Read up on healthy methods of confrontation. Know when it is ideal to engage in it, and when to avoid it.
Exercise to stay fit. Exercise also helps reduce anxiety and stress.
Cut down on caffeine, which can worsen anxiety symptoms.
When symptoms become extreme and the phobia starts to interfere with the sufferer’s life, getting treatment can help. Treatment could involve therapies or medication, or a combination of both.
Available fear of confrontation treatment methods include:
In this treatment method, your medical provider will gradually expose you to the object of your fear: conflict. For instance, you and your medical provider might simulate a confrontation. Later on, your therapist will encourage you to apply in real-life scenarios the things you learn during your therapy sessions.
This is an alternative form of medical therapy that involves the use of guided relaxation and focused attention so patients can tap into their subconscious thoughts. The aim is to uncover the root of the phobia, and then use suggestions to direct the patients to healthy behaviors and thought patterns.
Cognitive Behavioral Therapy (CBT)
CBT is a popular treatment for phobic sufferers to help them address their harmful thought patterns and behavior. The aim is to replace these counterproductive thought patterns and behavior with new healthy ones. Modern CBT techniques even use virtual reality technology as a tool to expose patients to their object of fear, but in a safe and stable environment.
Tips for Coping with Conflict Phobia
For sure it would be difficult, but somehow learn to step out of your comfort zone. Being timid could expose you to manipulation and abuse. You are your number one advocate: learn to step into your power and use it. You are a person with rights, which include speaking up whenever you see something questionable.
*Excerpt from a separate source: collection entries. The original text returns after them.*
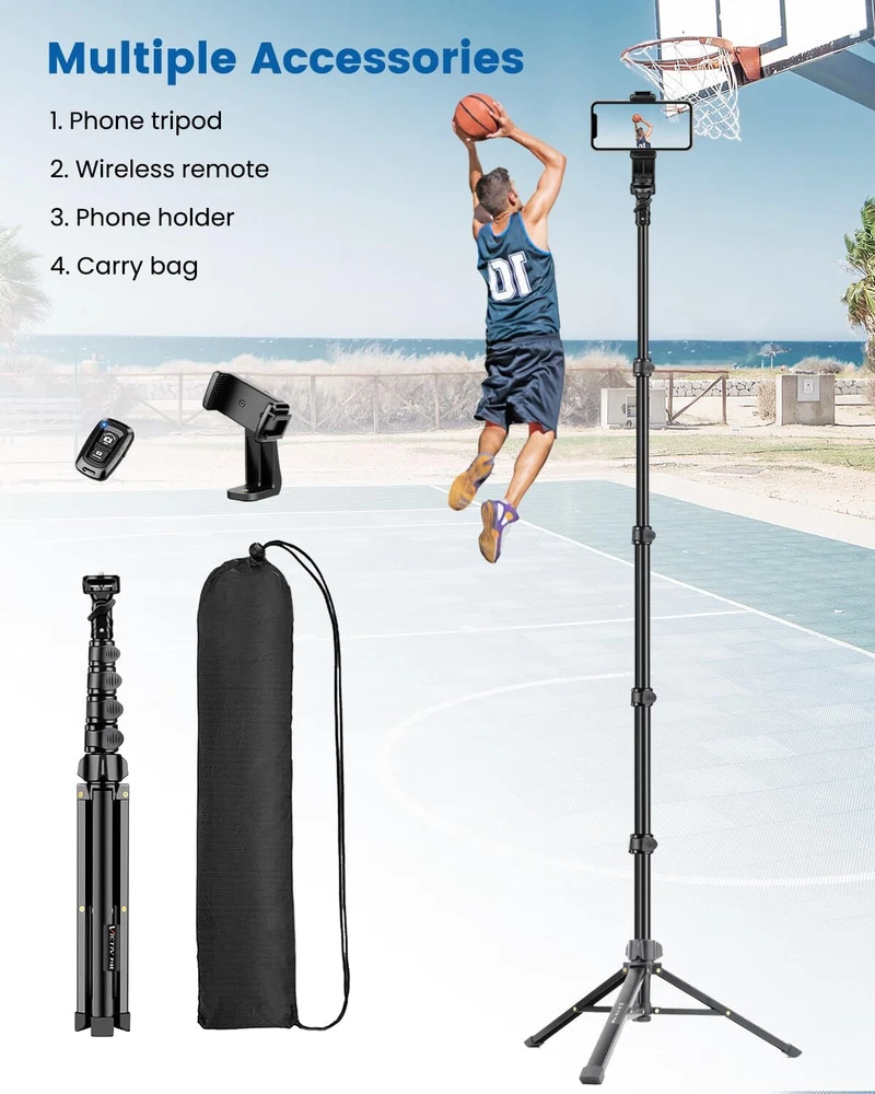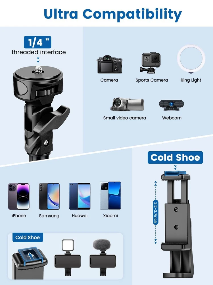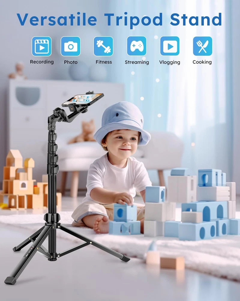 tripod Stable and Sturdy : P18E tripod has outstanding stability. Wider aluminum tripod legs, reinforced tripod base support system, and non-slip feet with larger cross section. It solves the problem of lack of stability of other cell tripods, ensuring a stable and safe shooting experience 72" Tall Tripod : This tripod stand is height adjustable. Stowed at just 19.3 inches, it comes with a carrying case for easy storage and portability. Quick-release plate clips allow for quick extension. The tripod reaches a maximum height of 72 in. It offers more shooting height for perfect shoots 1/4" Head and Versatile Holder : This Cell tripod with a 180-degree rotation head and 360-degree rotation universal cell clip (Adjust the angle without removing the ). NOTE : The cold shoe opening of the clip allows for an additional fill light or microphone Wide Compatibility : The adjustable cell clip (2.2"-3.7") is with most cell phones and provides versatility and . Also, this cell tripod can be used with other devices that have a 1/4 connector (digital cameras, sports cameras, ring lights, etc tripod with remote : Handy Remote Control: Our wireless remote is with most iOS and Android smartphones, with a range of up to 10m/33ft. It is perfect for capturing family photos, selfies, vlogging, and live streaming with ease What You Will Get : This package includes : 1X iphone Tripod, 1X Universal Cold Shoe Holder, 1X Wireless Remote, 1X Carrying Bag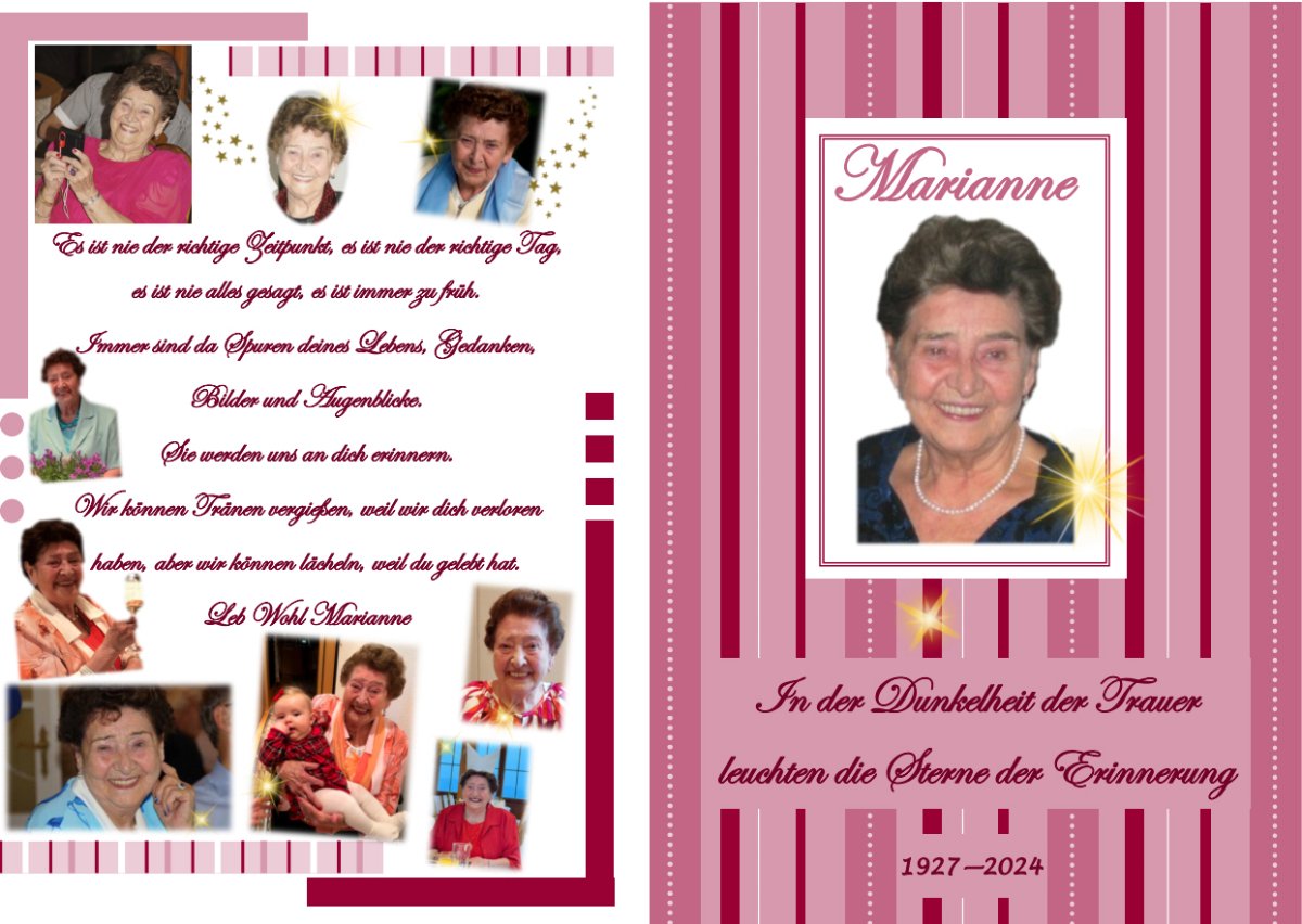 Liebe Marianne, es war schön, dass wir uns noch einmal Zeit genommen hatten, Erinnerungen auszutauschen. Ruhe in Frieden.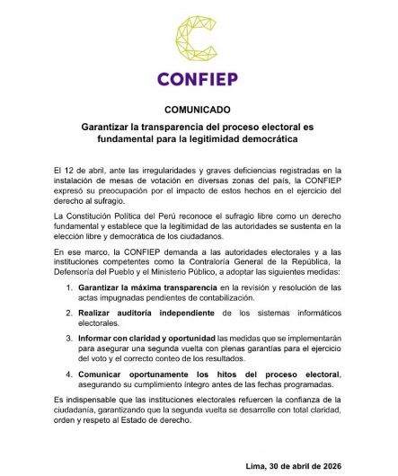 A través de un comunicado, la Confiep pidió a entidades como la Contraloría General de la República, la Defensoría del Pueblo y el Ministerio Público que se garantice la máxima transparencia en la revisión de las actas impugnadas que aún están pendientes de contabilización. El objetivo, según indicaron, es asegurar que los resultados reflejen fielmente la voluntad ciudadana.
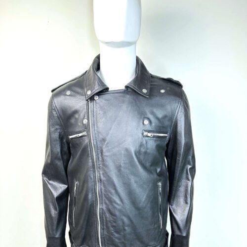 $ 100 – $ 250Price range: $ 100 through $ 250Men’s Slim Fit Racing Stripe Leather Jacket with Mandarin Collar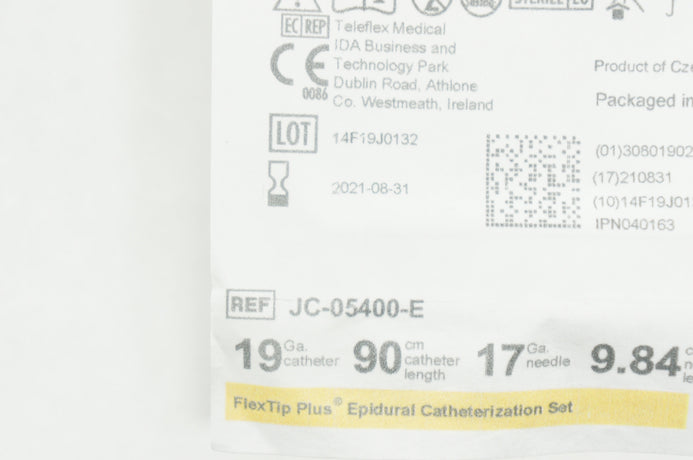 - Arrow JC-05400-E Teleflex FlexTip Plus Epidural Catheterization Set 19Ga x 90cm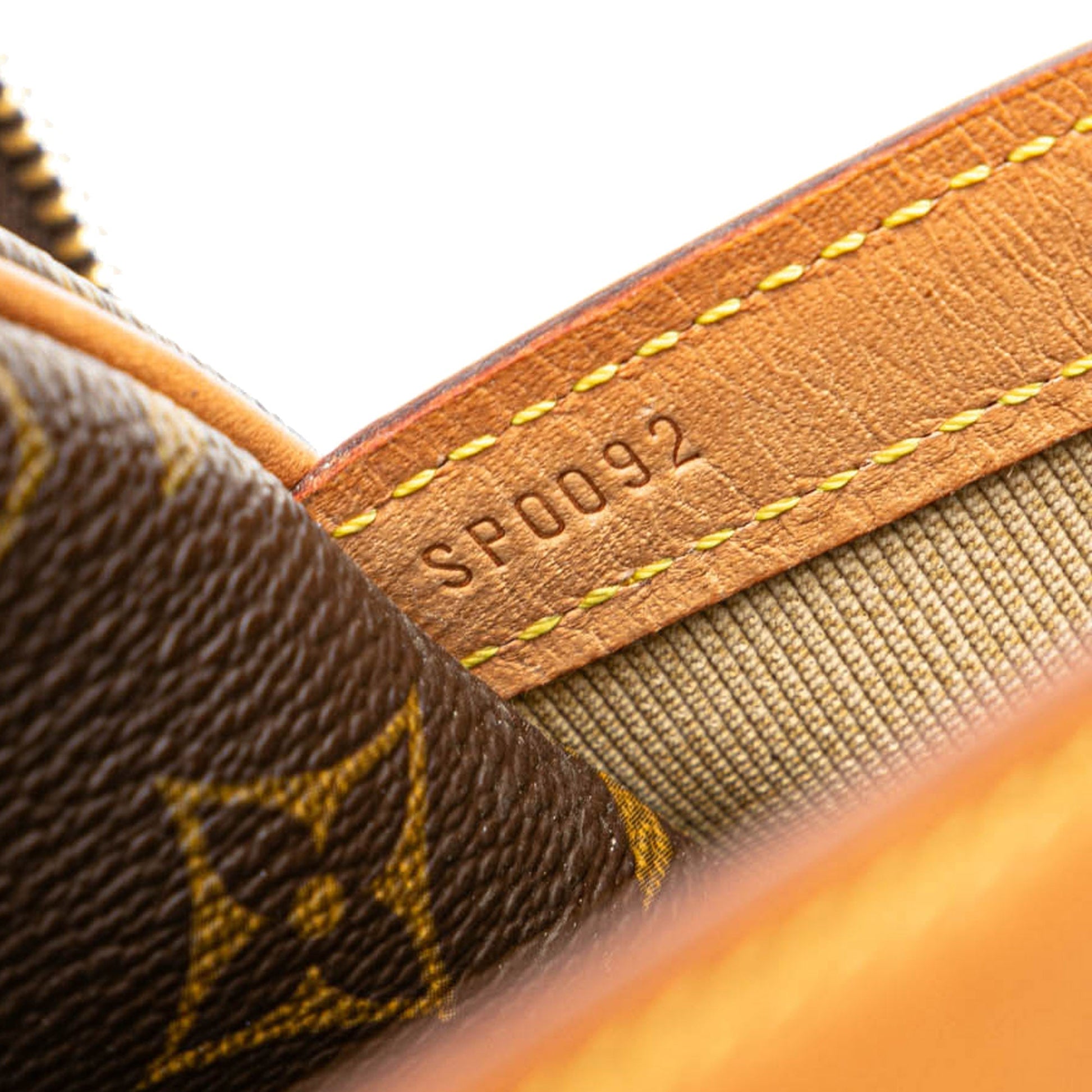 Product Details: Brown Louis Vuitton Monogram Reporter PM Crossbody Bag. The Reporter PM features a monogram canvas body with vachetta leather trim, an adjustable flat strap, double compartments with top zip closures, an exterior front slip pocket, and an interior slip pocket. 8.7" L x 10.2" W x 5.5" D. Serial number SP0092.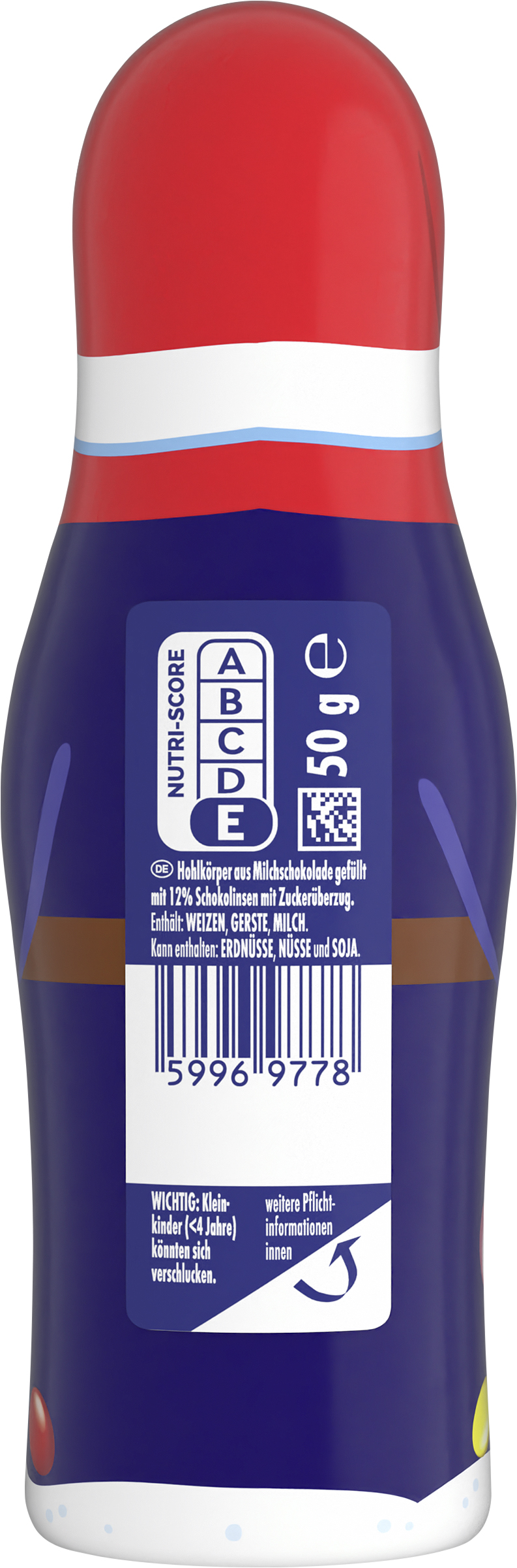 EAN 00000059969778 Material Number 12587048 Marke NESTLE Product Name NESTLE SMARTIES Weihnachtsmann 50g Weihnachten Net Content 50.000 Net Content UoM GRM Net Weight 50 Net Weight UoM GRM Artikel Höhe 126.000 Artikel Höhe UoM MMT Artikel Breite 42.000 Artikel Breite UoM MMT Artikel Länge 32.000 Artikel Länge UoM MMT Schlagwörter bunt, chocolate, christmas, dragees, geschenk, kleinigkeit, kollegen, nestle, schokofiguren, schokoladennikolaus, schoko-nikoläuse, smartis, snacks, süßigkeiten, süsses, weihnachten, weihnachtsgeschenke, weihnachtsmänner, weihnachtsschoki, wichteln, milchschokolade Bezeichnung Hohlkörper aus Milchschokolade gefüllt mit 12% Schokolinsen mit Zuckerüberzug. Beschreibung Der SMARTIES® Schoko-Weihnachtsmann aus zartschmelzender Vollmilchschokolade ist mit vielen bunten mini SMARTIES gefüllt und sorgt so für einen lustigen Rasselspaß bei Jung und Alt. Mit seiner Größe und seinem bunten Design ist er ein echter Hingucker und sorgt für einen richtigen Wow-Effekt beim Verschenken. • Rasselspaß für Jung und Alt • Mit zartschmelzender Vollmilchschokolade und mit SMARTIES® mini gefüllt • Ideal als Geschenk zum Nikolaustag oder als Mitbringsel Bei der Herstellung unserer Schokolade legen wir großen Wert auf Nachhaltigkeit. Daher beziehen wir unseren Kakao ausschließlich von Rainforest Alliance-zertifizierten Farmen. So können Sie nicht nur köstliche Schokolade genießen, sondern auch einen Beitrag zum Schutz unserer Umwelt leisten. Lassen Sie es Rasseln! Bringen sie lebendige Vielfalt in die Weihnachtszeit mit den verschiedenen Designs in SMARTIES® Farben. Die Santa-Figur gefüllt mit Schokolinsen eignet sich perfekt für den Nikolausstiefel oder als kleines Mitbringsel in der Adventszeit. Probieren Sie den Rasselspaß und machen Sie Ihren Liebsten und sich selbst eine Freude. Zutaten Zutaten: Zucker, MAGERMILCHPULVER, Kakaobutter*, Kakaomasse*, pflanzliche Fette (Palm, Shea), BUTTERREINFETT, Emulgator (Lecithine), Glukosesirup, WEIZENMEHL, MOLKENERZEUGNIS, Stärke, Farbstoff (Betenrot, Carotin, Kurkumin), Aroma, Spirulinakonzentrat, Überzugsmittel (Carnaubawachs, Bienenwachs weiß), Pflanzenkonzentrate (Färberdistel, Rettich), GERSTENMALZEXTRAKT. Kann enthalten: ERDNÜSSE, NÜSSE und SOJA. *Rainforest Alliance-zertifiziert.

Overcoming your fear of conflict will not be for your benefit alone. It would also help people around you. You might have loved ones you to defend or back up. By coping with your fear of confrontation, you’ll be able to give them appropriate support.
If you’ve decided to take a step forward to battle your phobia, remember to enlist the support of people you trust the most.
Don’t worry if your pace is slow. What’s important is your decision to continue.
As you cope with your phobia, you’ll notice an upgrade in your quality of life. Your relationships will also take a turn for the better when you learn to shun passive-aggressive tendencies and face issues head-on.
Recovery is a long and hard journey. You can only finish it with commitment. You might struggle and falter at times, however, with commitment and the appropriate support, you will overcome conflict phobia.